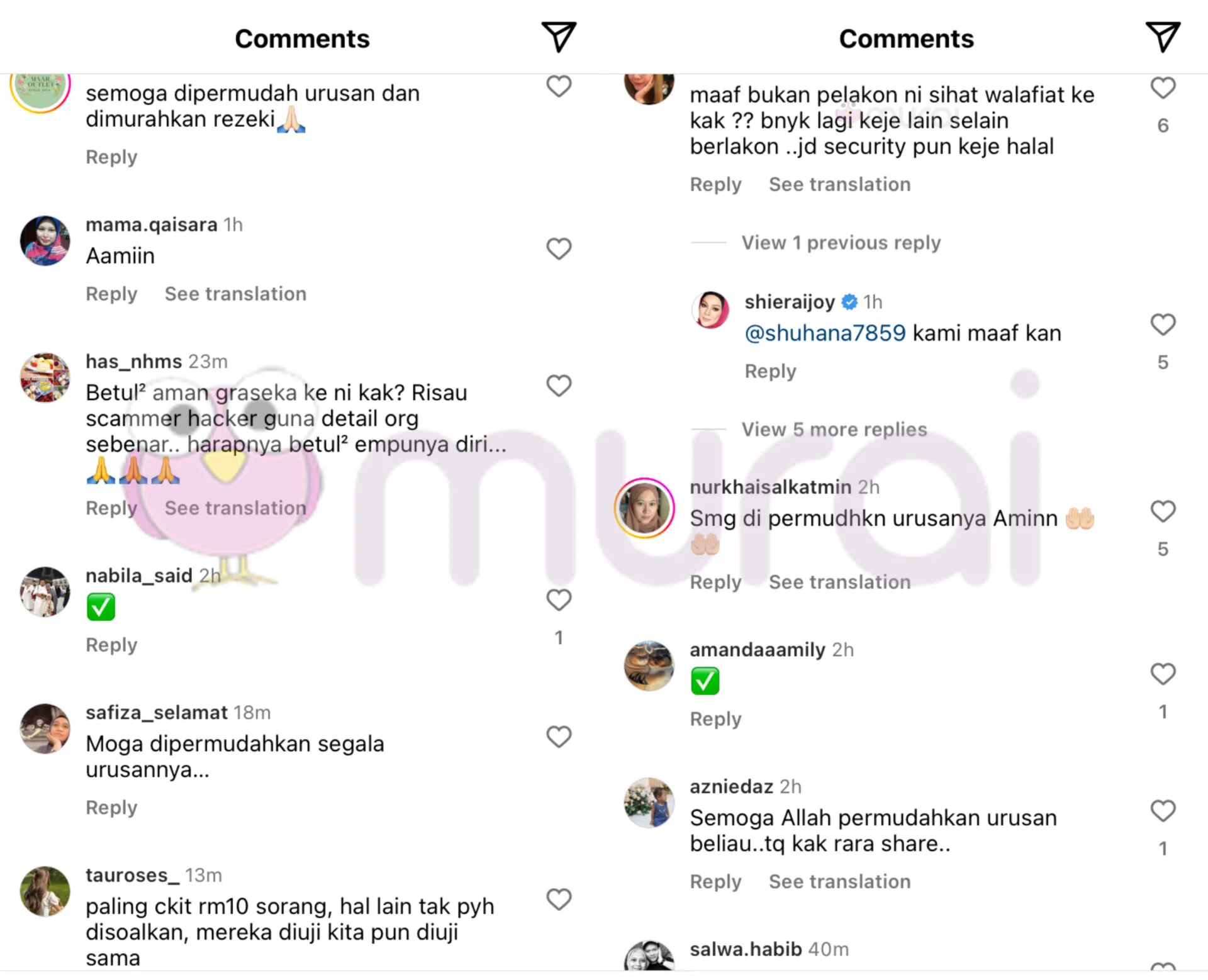 Meskipun ada yang mempertikaikan tindakan pelakon senior berkenaan. rata-rata netizen di ruangan komen dilihat menitipkan doa agar urusan Aman Graseka berjalan dengan lancar.
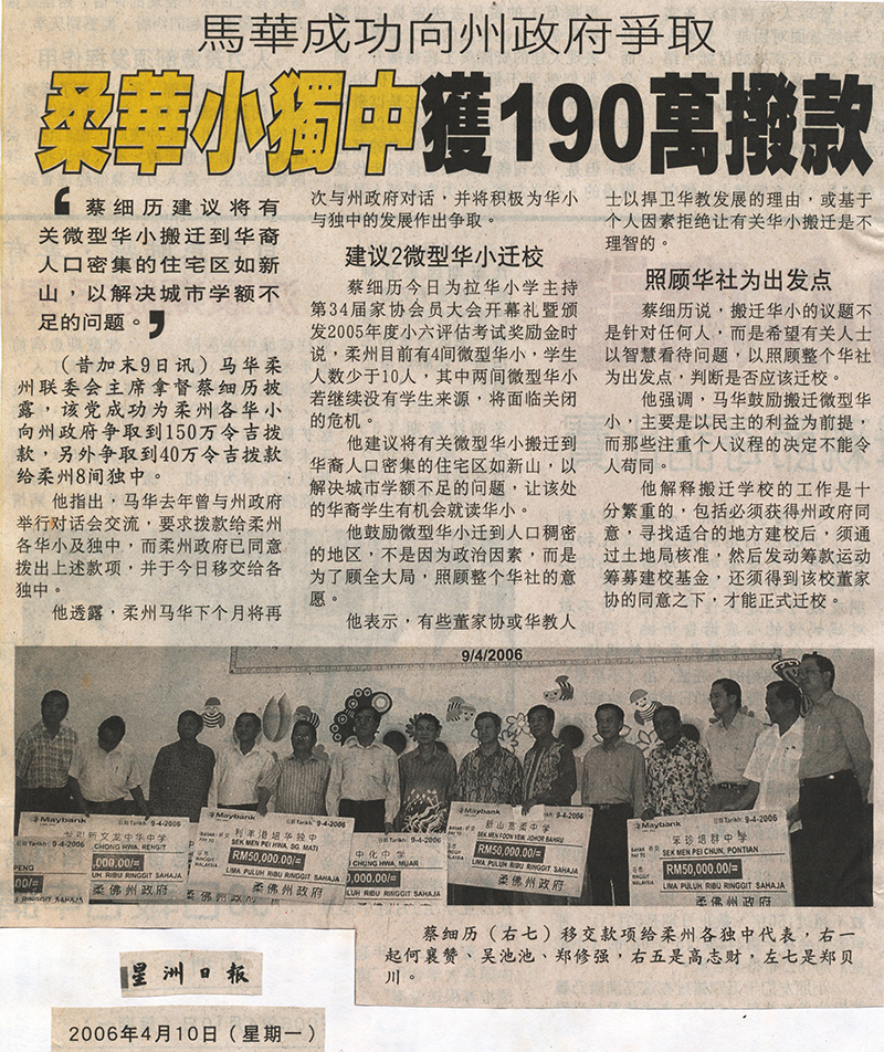 (昔加末9日讯)马华柔州联委会主席拿督蔡细历披露,该党成功为柔州各华小向州政府争取到150万令吉拨款,另外争取到40万令吉拨款给柔州8间独中。
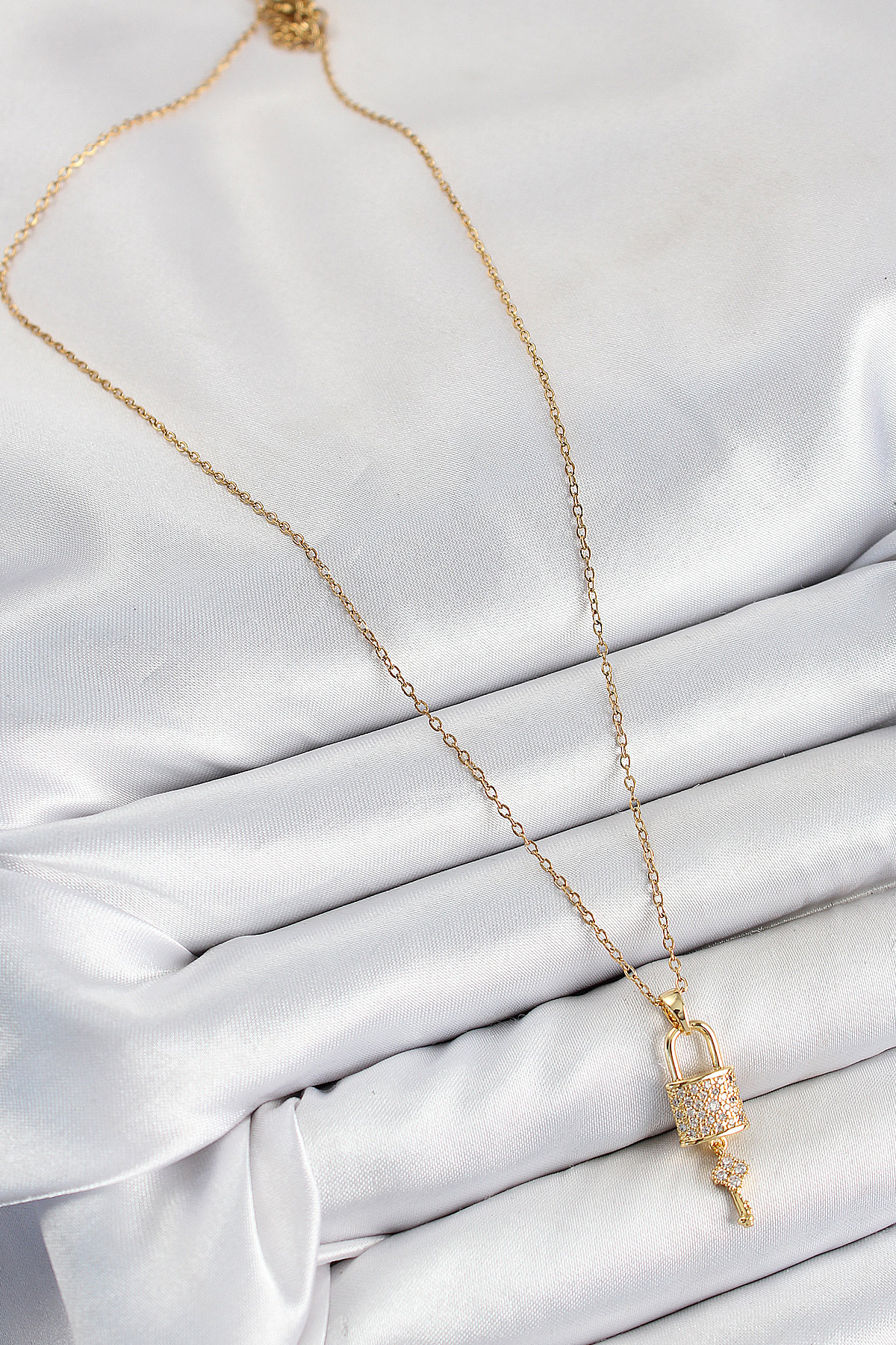 316L Çelik Zirkon Taşlı Kilit Ve Sallantılı Anahtar Model Gold Renk Kadın Kolye
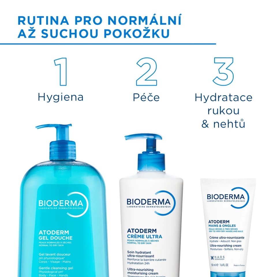Bioderma Atoderm Sprchový gel 500 ml jemně čistí pokožku, aniž by ji vysušoval. Obsahuje vyživující složky, které obnovují komfort a přirozenou hydrataci. Patentovaný komplex Skin Protect™ stimuluje tvorbu kyseliny hyaluronové a doplňuje lipidy, čímž podporuje ochrannou funkci pokožky. Svěží vůně a jemná pěna poskytují příjemný zážitek z každodenní hygieny. Ideální pro rodiny i osoby se suchou nebo citlivou pokožkou.
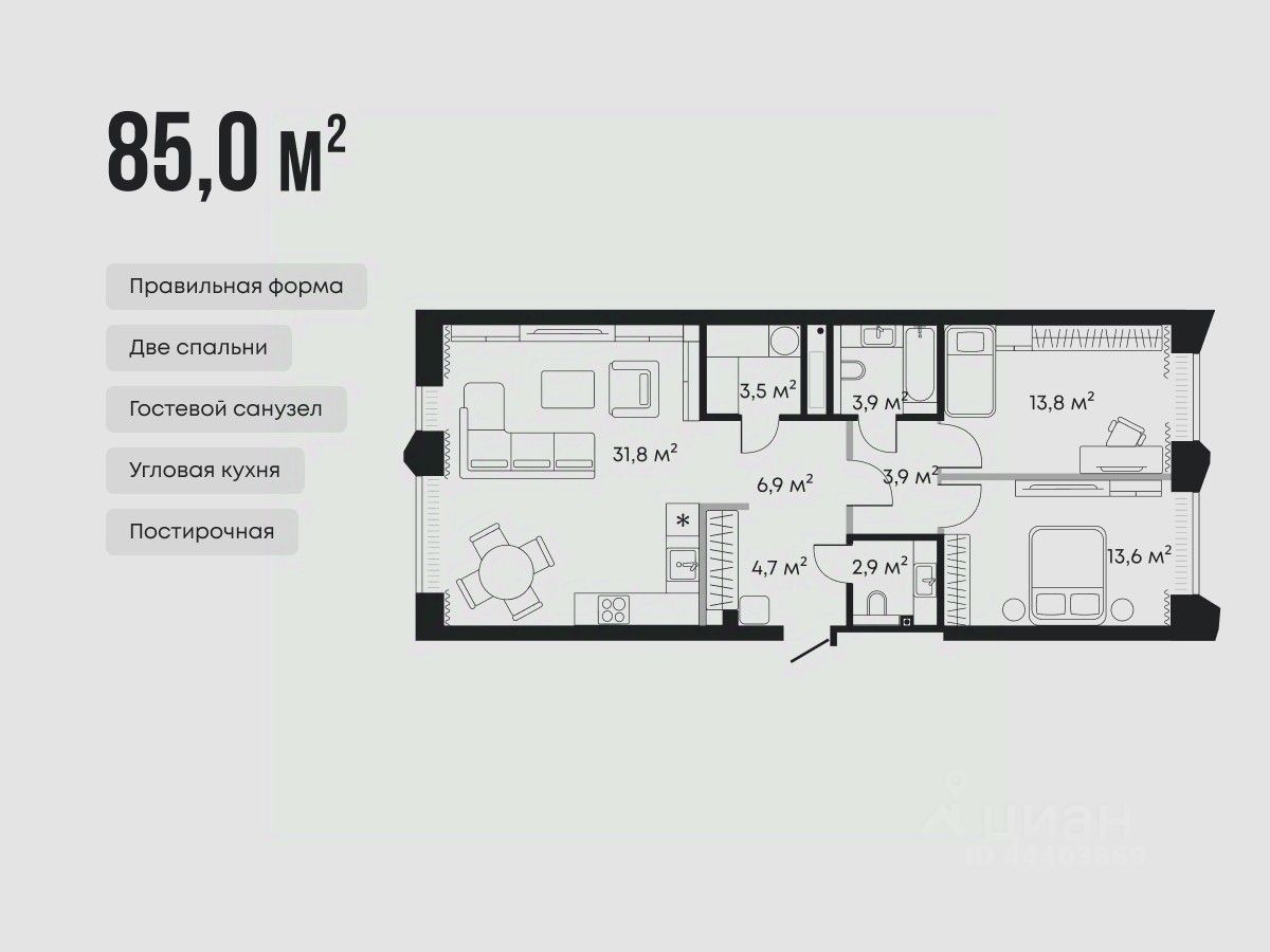 Экспозиционная планировка строго разделяет личное и общее пространство в квартире. Она предусматривает две спальни с выходом на балкон, просторную кухню-гостиную, дополнительный санузел и постирочную.
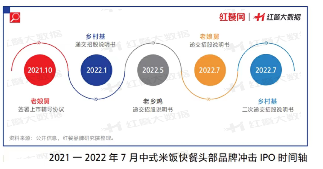 2022年1月,乡村基向港交所递交招股说明书,开启了IPO进程,并于2022年7月底再次递表;老乡鸡也于2022年5月向上交所递交招股说明书,拟于主板上市;老娘舅于2022年7月递交招股说明书,计划在国内A股主板上市。
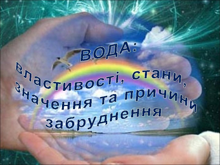 Вода - прозора рідина без запаху, смаку і кольору - оксид водню. Молекула води складається з одного атома Оксигену і двох атомів Гідрогену (Н 2 O).
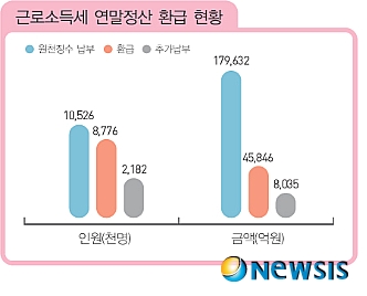 ±Ù·Î¼Òµæ¼¼ ¿¬¸»Á¤»ê ȯ±Þ ÇöȲÀ» º¸¸é ¿øÃµÂ¡¼ö ³³ºÎÀÚ 1052¸¸6000¸í Áß 877¸¸6000¸íÀÌ È¯±ÞÀ», 218¸¸2000¸íÀÌ Ãß°¡³³ºÎ¸¦ ÇÏ´Â °ÍÀ¸·Î Áý°èµÆ´Ù. ¿øÃµÂ¡¼ö ±Ý¾×Àº 17Á¶9632¾ï ¿øÀ¸·Î ȯ±Þ¾×Àº 4Á¶5846¾ï ¿ø, Ãß°¡³³ºÎ ±Ý¾×Àº 8035¾ï ¿øÀÌ¿´´Ù.
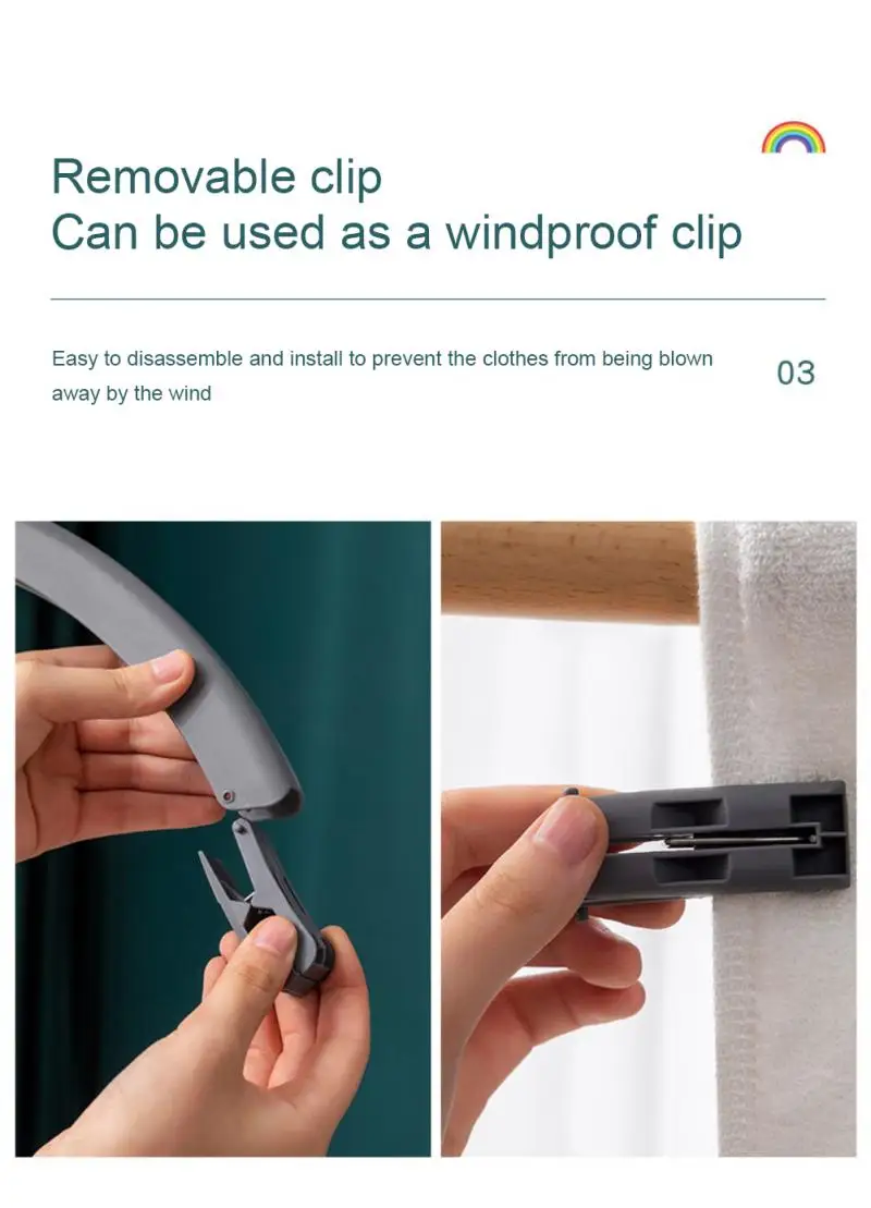Зажим съемный и может использоваться в качестве ветронепроницаемого зажима. Его можно легко разобрать и установить, чтобы одежда не была сдута ветром.
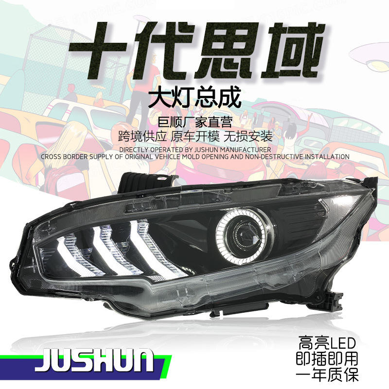 Suitable for 16-21 Honda 10th generation Civic headlight assembly modified Mustang LED daytime running light streamer lens
----------
**Your objective**: With the pictures omitted, write out exactly the lines from the one that contains "Зажим съемный и" through the final line of the material above, both ends included.

**Response area**:
Зажим съемный и может использоваться в качестве ветронепроницаемого зажима. Его можно легко разобрать и установить, чтобы одежда не была сдута ветром.
 Suitable for 16-21 Honda 10th generation Civic headlight assembly modified Mustang LED daytime running light streamer lens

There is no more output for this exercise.